Who Owns Antarctica?

No country owns Antarctica. Antarctica is the only continent without a native population. In the International Geophysical Year 1957-58, 12 counties were active in Antarctica and created the Antarctic Treaty System (ATS) that went onto force in 1961. For the purposes of this treaty, Antarctica is defined as all lands and ice shelves south of 60 degrees South Latitude. Currently, there are 54 parties represented by the ATS.

The ATS states that Antarctica can only be used for scientific and recreational purposes. Article one of the ATS states “Antarctica shall be used for peaceful purposes only. There shall be prohibited, inter alia, any measures of a military nature, such as the establishment of military bases and fortifications, the carrying out of military maneuvers, as well as the testing of any type of weapons.”

The waste guidelines I spoke of in an earlier blog outline the management of waste and its removal from the continent.

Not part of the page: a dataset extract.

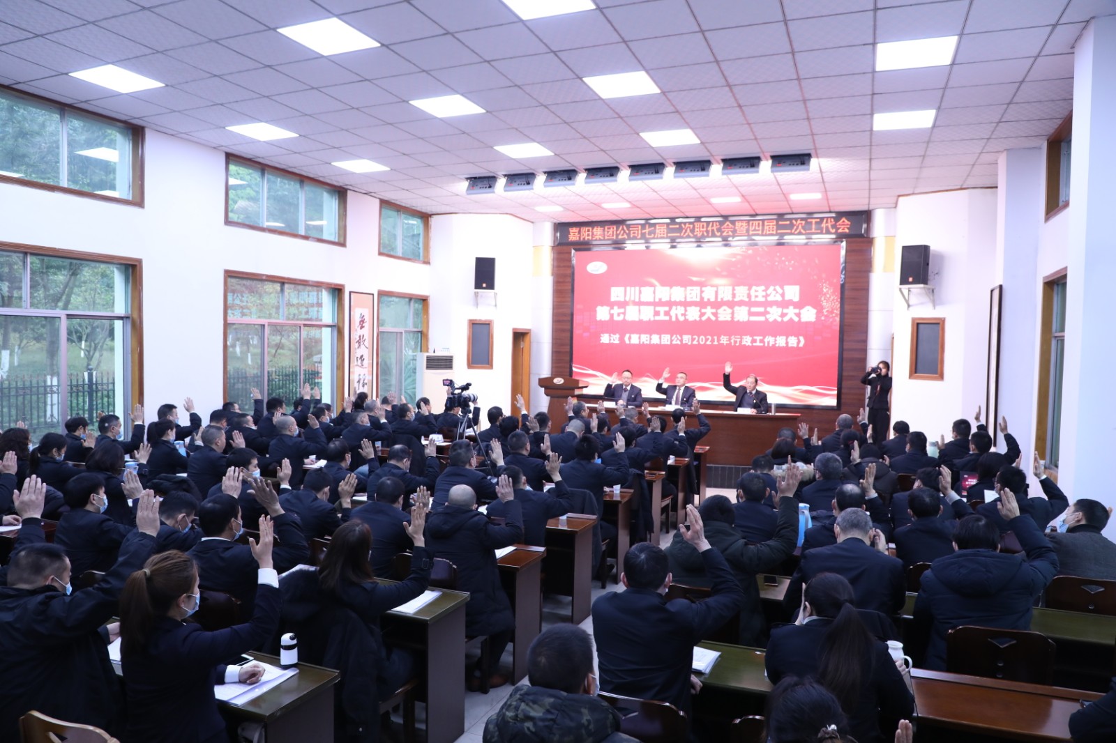 20日上午8点30分,在激情澎湃的国歌声中,环球(中国)七届二次职代会暨四届二次工代会拉开帷幕。大会听取了总经理范勤英所作题为《以科技破困局 靠技术谋出路 开创企业发展新局面》的行政工作报告。报告全面回顾了公司2021年的目标完成情况及主要工作:在川投集团和公司党委的坚强领导下,经营班子带领全体职工踔厉奋发,笃行不怠,抢抓市场机遇,深化内部改革,践行社会责任,克服了诸多困难和挑战,矿井智能化建设取得了突破性进展,安全生产平稳运行,经营效果良好,生产煤炭115万吨,完成掘进进尺8436米,营业收入首次突破5亿元达5.3亿元,全面完成川投集团下达的各项目标任务。报告明确了2022年的目标任务和工作思路。报告强调要坚守安全底线,做好环保工作,抓好疫情防控;要坚持科技进步,树立产业标杆;要保持战略定力,巩固主业优势,培育发展动能;要持续深化改革,确保国企改革三年行动圆满收官;要为职工进一步提供发展空间,健全选人用人机制;着力“我为群众办实事”,与职工共享发展成果。

From what I understand the ATS also prevents any resource or mineral extraction. Most of the scientific research that goes on in Antarctica is environmental, geographic, astronomical, and weather related. Humans are not currently looking for oil deposits and precious minerals in Antarctica, but I’m sure some has been discovered in the process of other research.

Adventurer, environmentalist, and author Robert Swan outlines the precarious environmental position that Antarctica is in his book “2014 My Quest To Save The Earth’s Last Wilderness”. The year 2041 is the year that the ATS is up for review and environmental policies, usage restrictions and mineral extraction will potentially be open for change. Several countries have already indicated their desire to start to search for and remove oil and minerals from the continent and the seafloor. It could be an open season on Antarctica which would be a shame.

I have been fortunate to travel to Antarctica four times and through my various expeditions I have witnessed the pristine beauty of Antarctica first hand. It would not speak well of our species if we muck it up like we have the rest of the planet.